Petrobras/Walm, sinalizando para uma prática que parece bastante comum na cidade.

“Nós não temos recursos. Nem de outra ONG, nem de Prefeitura... é nosso trabalho... até como opção nossa... para manter a autonomia”.

“Nós já tivemos muito mais importância aqui... antes de surgirem as regionais, né? O nome antes era Sociedade de Melhoramentos... Era tudo via Sociedade de Melhoramentos... e quando veio as regionais, no caso, foi tentando tirar um pouco a nossa autonomia...”.

“A gente se articula com outras pessoas que pensam que nem a gente. A gente é a única Sociedade de Bairro que não recebe dinheiro da Prefeitura”.

“Existe “curral eleitoral”, usando a distribuição de leite como favor. Proíbem bairros vizinhos de receberem o leite, mesmo que não haja tanta demanda por leite no bairro...”

“Com relação à organização e participação política, parece haver uma rivalidade entre as lideranças

associadas à Associação e lideranças ligadas à representação de políticos eleitos pela comunidade”. (Relatório Petrobras realizado pela Walm)

“Com relação à organização e participação política, há uma liderança representada por um vereador local, mas a pessoa contatada alegou que não reconhece sua representatividade em relação aos interesses comuns do bairro”. (Relatório Petrobras realizado pela Walm)

A mobilização e envolvimento da população é um dos desafios apontados por entrevistados, que relatam que é difícil levar a população a participar das atividades e das lutas. A falta de cultura participativa leva as pessoas a preferir outras atividades de entretenimento à participar de reuniões. A comunidade participa mais quando há presença de autoridades públicas ou em espaços públicos de participação, como o Orçamento Participativo. Porém a falta de compromisso do poder público com as questões discutidas e a sua efetivação levaria a um desânimo na participação das pessoas das comunidades.

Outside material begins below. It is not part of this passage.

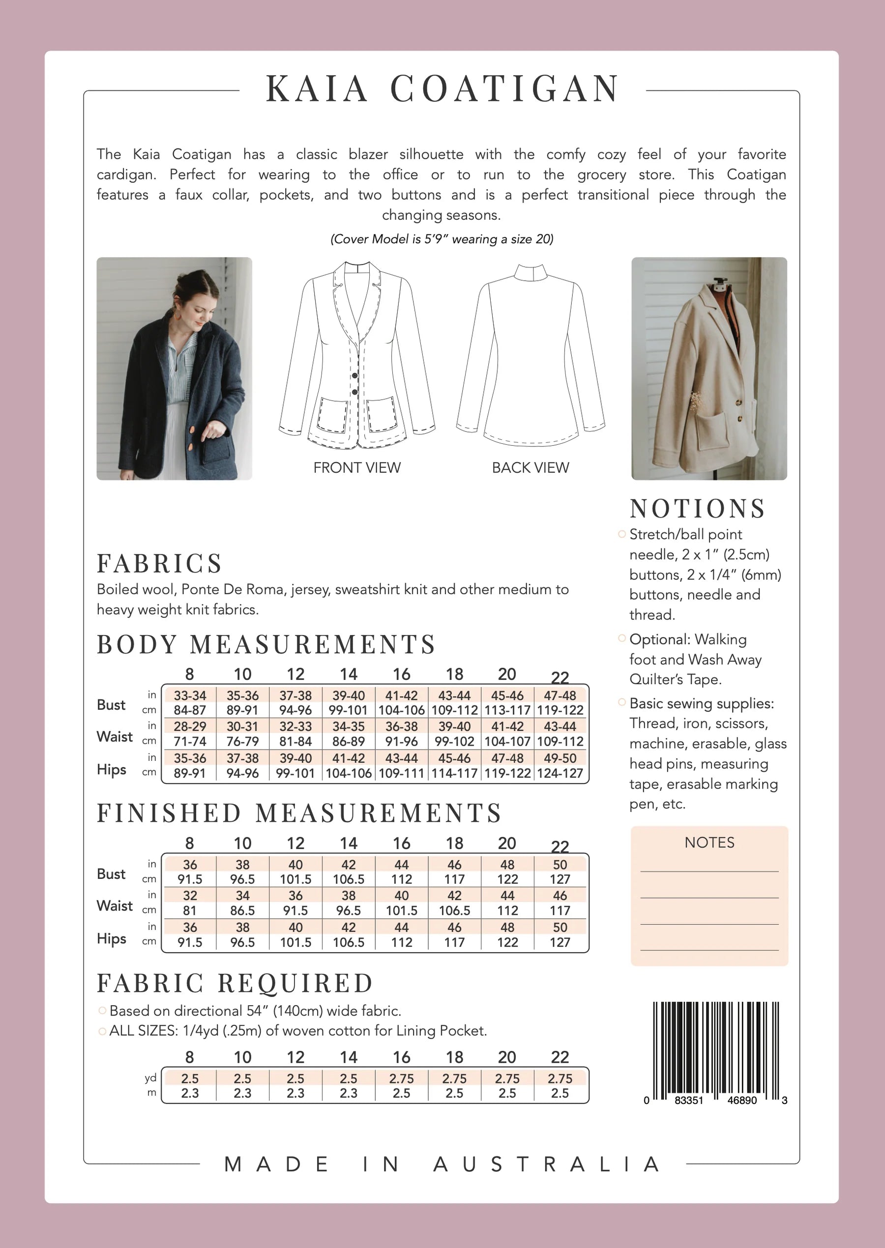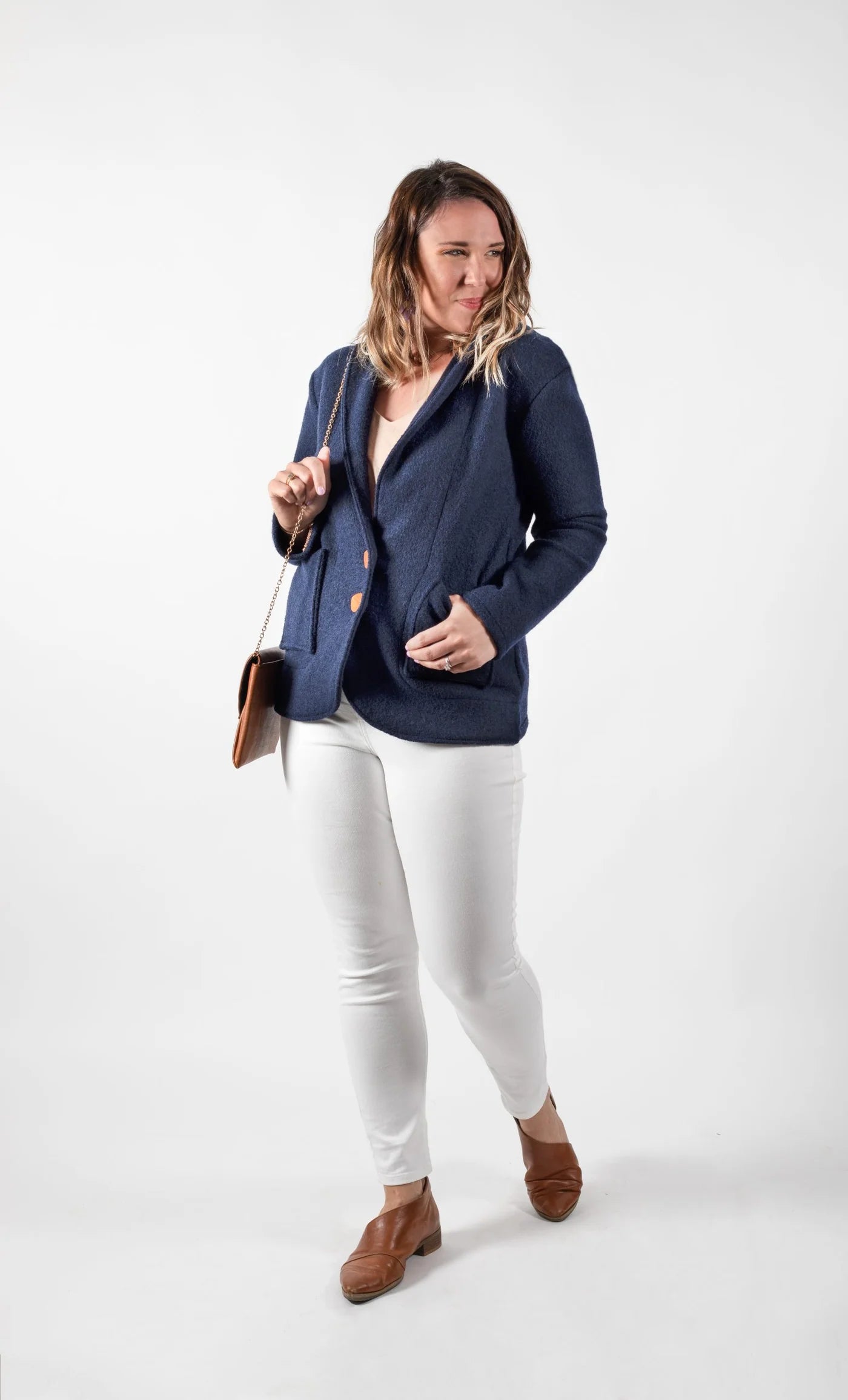 Suggested fabrics: Boiled wool, ponte de roma, jersey, sewatshirt knit, and other medium to heavy weight knit fabrics.

“Eu acho ela um pouco desunida [a Associação de Bairro da qual é representante]. A gente se reúne mais quando tem reuniões... quando o Secretário chama para o OP...”.

“É difícil mobilizar a população para qualquer debate quando o horário da atividade compete com o horário da novela ou do jogo [de futebol] do Santos”.

“A população reclama muito, mas, na hora de participar, não participa. Eles falam: Ah, mas vai adiantar alguma coisa? Adianta, vai lá, porque adianta! Não adianta ficar falando pro seu vizinho!”.

“Eu acho ela um pouco desunida [a Associação de Bairro da qual é representante]. A gente se reúne mais quando tem reuniões... quando o Secretário chama para o OP...”.

“É que o desenvolvimento passa pela mão de políticos, infelizmente, aí você perde um pouco a esperança...” [No sentido de que sentem falta de um compromisso maior por parte do poder público em dar um retorno adequado à população sobre as questões levantadas, eventualmente].

“Tá faltando interesse dos políticos para entrar em contato e fazer coisas...”.

A colônia de pescadores é provavelmente uma das organizações mais antigas de São Vicente. Os associados à Colônia até pouco tempo atrás tinha mais de 4.400 pescadores. Atualmente estimam um pouco mais de 500 pescadores. Todos os aposentados tiveram a suas licenças de pesca cancelados e portanto não podem mais fazer parte de Colônia de Pesca. Ela, porém atende os pescadores de outros municípios, especialmente do Município de Praia Grande.

Suas atividades são voltadas principalmente em atender as demandas burocráticas dos seus associados e de realização de cursos e atividades festivas. Porém a colônia é único instrumento de organização dos pescadores artesanais, que geralmente exercem a sua atividade de maneira bem dispersa e isoladamente. Eles têm pouca organização em torno às questões de infraestrutura para a pesca, assim como para a comercialização do pescado.